Schon das Probejahr an einem Berliner Gymnasium hatte der mittlerweile 13-jährige Junge nicht bestanden. Nach einem Gewaltvorfall verließ er die Einrichtung und wechselte in die Klassenstufe 8 einer anderen Schule. Auch dort kam es zu zahlreichen Zwischenfällen, die in die Schülerakte eingetragen wurden. Die Familie entschied sich schließlich, es an einer Privatschule zu probieren. Allerdings fürchtete man, dass ein Blick in die schulische Vergangenheit des Jungen die neue Lehranstalt abschrecken könnte. Und das auch noch zu Unrecht, denn nach Auffassung der Familie war die Schülerakte aus verschiedenen Gründen fehlerhaft und diskriminierend.

Kein Löschanspruch nach DSGVO

Im Rahmen eines gerichtlichen Eilverfahrens wollten der Teenager und seine Eltern bestimmte Seiten aus den Unterlagen entfernen lassen. Doch das Verwaltungsgericht Berlin (Az. VG 3 L 1028.19) wies den Antrag zurück. Zwar sehe die Datenschutz-Grundverordnung einen Anspruch auf Löschung sensibler Daten vor. Dieser bestehe allerdings nur unter ganz bestimmten Voraussetzungen: Wenn die Informationen von vornherein unrechtmäßig verarbeitet wurden oder das Speichern nach einiger Zeit nicht mehr notwendig sei.
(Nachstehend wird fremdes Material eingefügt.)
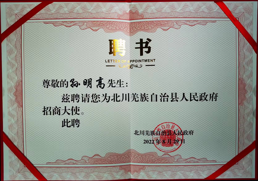 忆往昔,山东对口援建北川新城建设;看今朝,鲁商有责任和义务援助北川振兴。此次,被聘为北川羌族自治县人民政府招商大使,既是对孙明高会长多年来招商引资服务工作的肯定,更是鞭策。未来,我们将积极发挥商会“圈链会盟”的力量,丰富招商信息渠道,为北川“双招双引”事业添砖加瓦,助力北川“文旅兴县、乡村振兴、特色美食”建设。
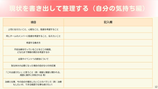 振り返りシート:治療と仕事の進捗を自己管理するためのツール
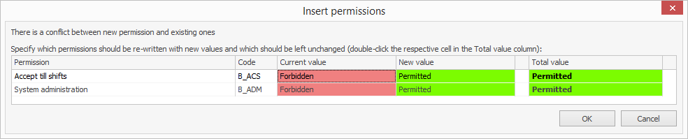Podczas przenoszenia uprawnień bieżąca komórka może różnić się od nowej. Na przykład, obecna wartość to Zabroniony
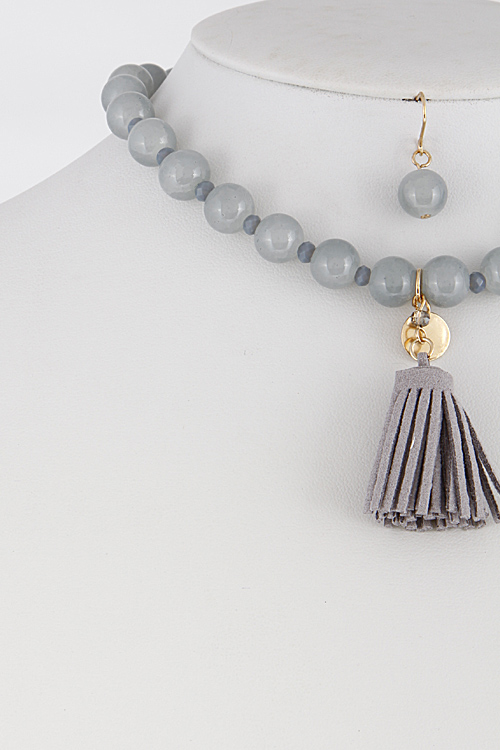 - * Casual Beaded Tassel Necklace Set 6CCA5 * 12" approx.
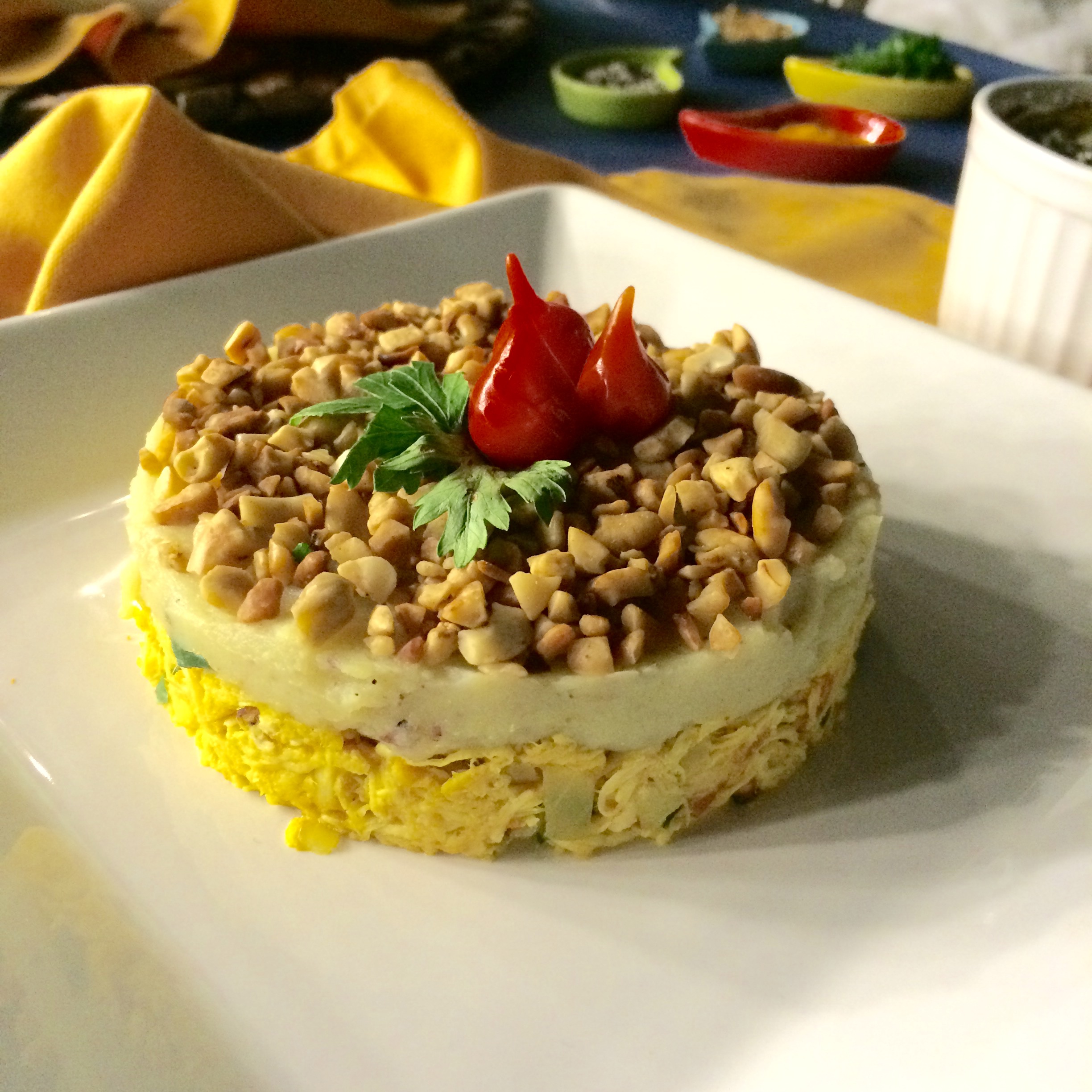 Em uma travessa, distribua o frango desfiado no fundo e depois cubra com o purê.
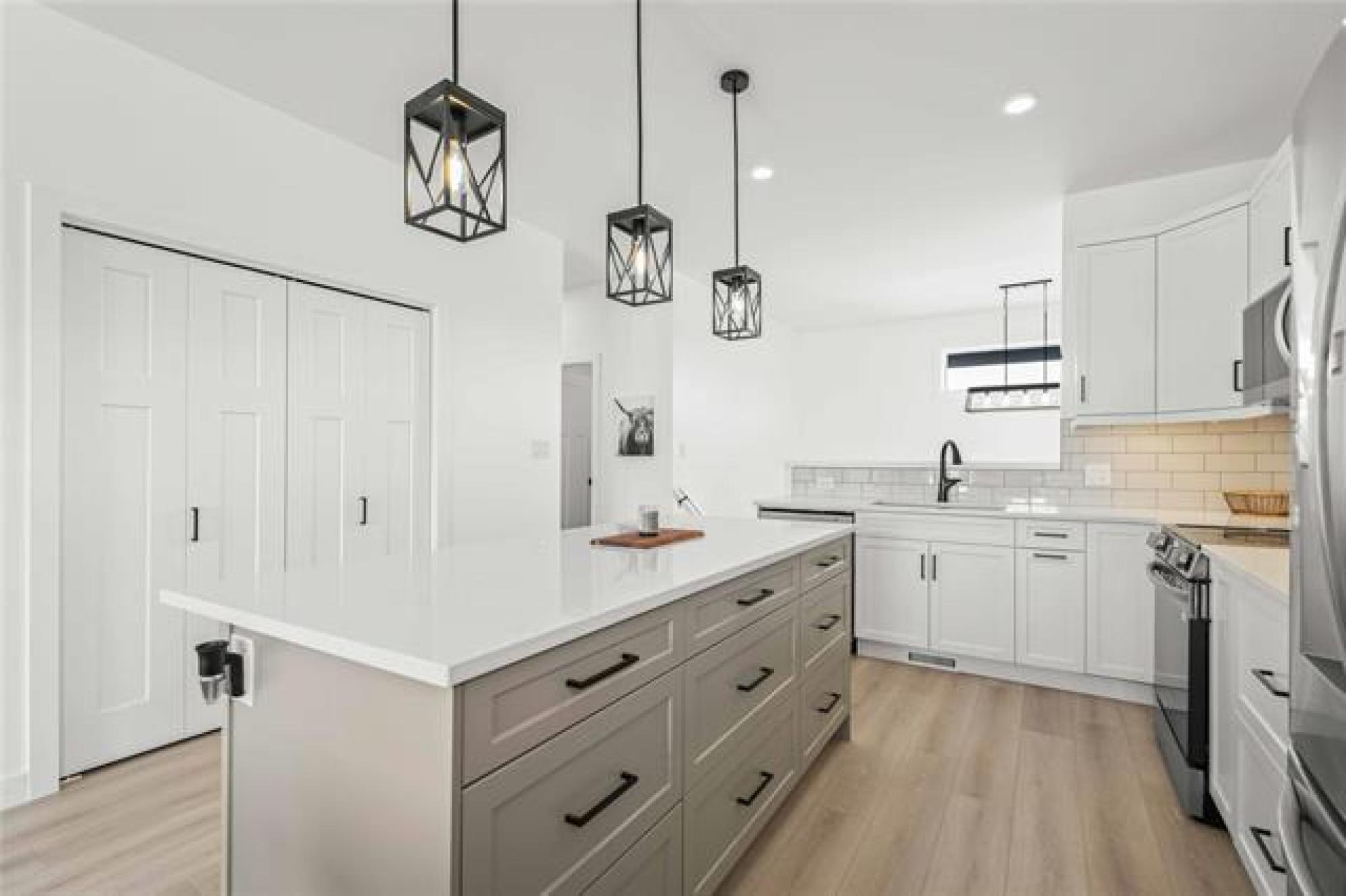 **Pictures are from similar build** National Home Warranty Included. Beautiful brand new 1,315 SqFt Bilevel with a full basement on a large 52' corner lot in Niverville Manitoba near the golf course (Highlands). Featuring 3 bedrooms, 2 bathrooms on the main floor. Great floorplan! Walk in to the large foyer area with vinyl flooring in the entrance with a large closet space! The main floor features laminate flooring, custom white cabinets, large island with quartz countertops. Living room has abundance of natural light with 9 foot ceilings and a patio door backing onto your yard (Deck is negotiable). The primary bedroom has an ensuite bathroom and large walk in closet! The basement is drywalled with an Insulated Concrete Form foundation (ICF) and steel beam construction! House is built on piles. Concrete driveway! Custom selections can still be made. Appliances & landscaping negotiable. Call now for more information and specs!
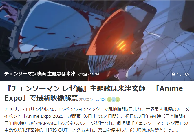 5.MAPPA剧场版《ChensomanReze篇》主题曲为米津玄师的《IRIS OUT》当地时间3日起,世界最大规模的Anime Expo 2025在美国洛杉矶会展中心开幕(截止到6日的4天)。第一天的3日下午4点(日本时间4日上午8点)开始MAPPA剧场版《ChensomanReze篇》的主题曲发表为米津玄师的《IRIS OUT》,使用乐曲的预告影像解禁。
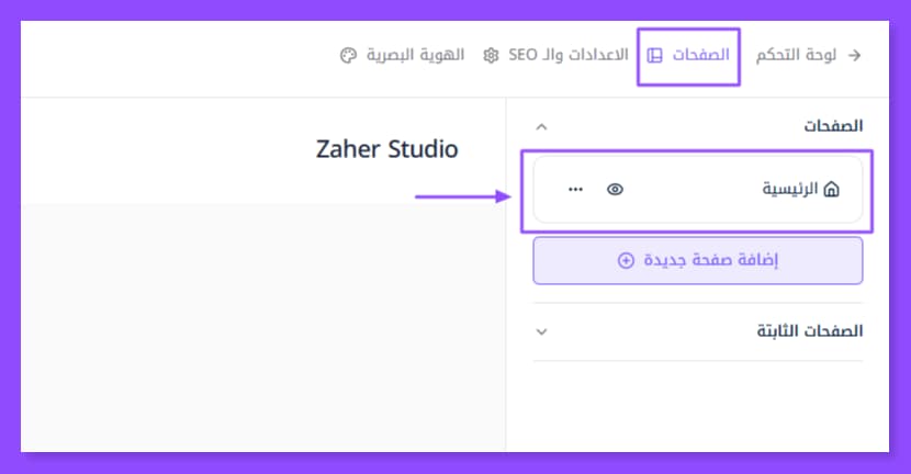 3- اضغط على الصفحة التي تريد تعديل أقسامها الآن، ولتكن الصفحة الرئيسية.

Akte besonders bei Schulwechsel wichtig

Im konkreten Fall allerdings würden die Daten aus der Schülerakte durchaus noch benötigt, so das Gericht. Derartige Papiere sollten Entwicklung von Persönlichkeit und Verhalten eines Jugendlichen über seine gesamte Schullaufbahn hinweg dokumentieren. Und zwar gerade für den Fall eines Schulwechsels. Darüber hinaus solle die Zusammenarbeit mit den Erziehungsberechtigten in der Akte nachvollziehbar gemacht werden. Auch ein Löschgrund wegen unrechtmäßiger Verarbeitung liege nicht vor. Das Berliner Schulgesetz erlaube ausdrücklich, im Rahmen schulischer Aufgaben personenbezogene Daten von Schülern, Schülerinnen und deren Erziehungsberechtigten zu speichern.

Fazit

Informationen über die Pflichtverletzungen eines Schülers seien gerade für die nachfolgende Schule unerlässlich, so die Richter. Bei der Wahl pädagogischer Maßnahmen müssten die neuen Lehrer das Verhalten eines Kindes in der Vergangenheit berücksichtigen. Das Speichern der sensiblen Informationen sei somit rechtmäßig und notwendig. Ein Löschungsanspruch gemäß DSGVO bestehe nicht.